В желтых глазах филина застыла усталость, но видно: в них всплескивается и горделивое торжество, и радость победы. Вот филин прекратил хрипло дышать, и вот с жалобными стонами и кряхтеньем перед Кириллом и русалками возник леший Дубыня в своем неизменном латанном-перелатанном кафтане.
Дубыня, хоть и имел смертельно усталый вид, радостно щерил огромный рот и сиял, как ясная монета. Вид его наводил на мысль, что леший неожиданно нашел решение задачи, у которой решения не было вовсе. Дубыня пытался что-то сказать, но ему удалось издать лишь несколько невнятных каркающих звуков.
— Да ты передохни, Дубыня! — воскликнула Ярина. — На тебе же лица нет, милый! Передохни! Потом расскажешь!
Леший тяжело мотнул всклокоченной головой и непонимающим взглядом уставился на русалку.
— Что?
— Воды испей! В себя приди! — воскликнула Снежана.
Дубыня с трудом разжал сведенные пальцы. Из них с шелестом упал на песок холщовый сверток. Леший полез в суму, с которой не расставался, по-видимому, никогда, даже в образе филина, и с усилием извлек из нее не чашку, не кувшинчик, а целый бочонок. Дубыня изловчился и ловким ударом выбил со дна пробку. На песок закапала снежная пена, запахло пряным запахом кваса. Мешающую суму Дубыня отшвырнул далеко в заросли ветвистой ивы — потом подберет.
Леший пил долго, пока не ополовинил бочонок. Утолив жажду, поставил его на песок, отер губы, стряхнул со лба капли пота и облегченно вымолвил:
— Уф!
Но тут глаза у него закатились, и он тяжело брякнулся оземь. Кирилл сделал первое, что пришло в голову: сорвался с места, бросился к озеру и, зачерпнув в сложенные ковшиком руки воду, бросился обратно, причем умудрился не растерять ни капли. Вода с плеском ударила Дубыне в безмятежное лицо.
Кирилл руководствовался инструкцией. Первое действие при обмороках и тепловых ударах — это приложить холод к голове и груди и перенести пострадавшего в прохладное место. Холода при себе у Кирилла не было. Зато воды кругом — хоть отбавляй!

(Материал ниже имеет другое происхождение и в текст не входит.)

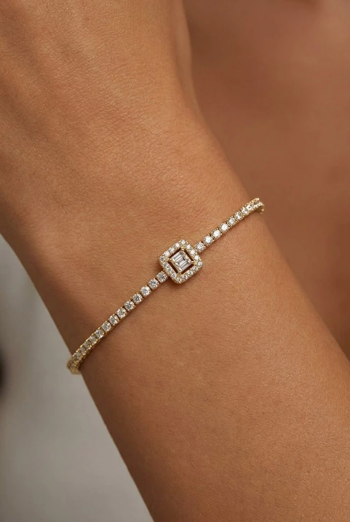 Taşlı Baget Model Gold Altın Kaplama Su Yolu Bileklik

Сейчас он еще разок на него плеснет, затем смочит тряпицу, приложит к груди и на голову и перетащит Дубыню в тенек под иву.
Но ничего этого делать не пришлось. Первая же попытка превзошла все ожидания. Леший зафыркал, закашлялся, будто выскочивший из омута утопленник, и заорал вслед Кириллу, намеревавшемуся еще раз набрать воды:
— Стой! Не надо, Кирилл! Я уже жив!
Снежана и Ярина, заходились хохотом. Кирилл, оказывается, не знал, что леший воду терпеть не может!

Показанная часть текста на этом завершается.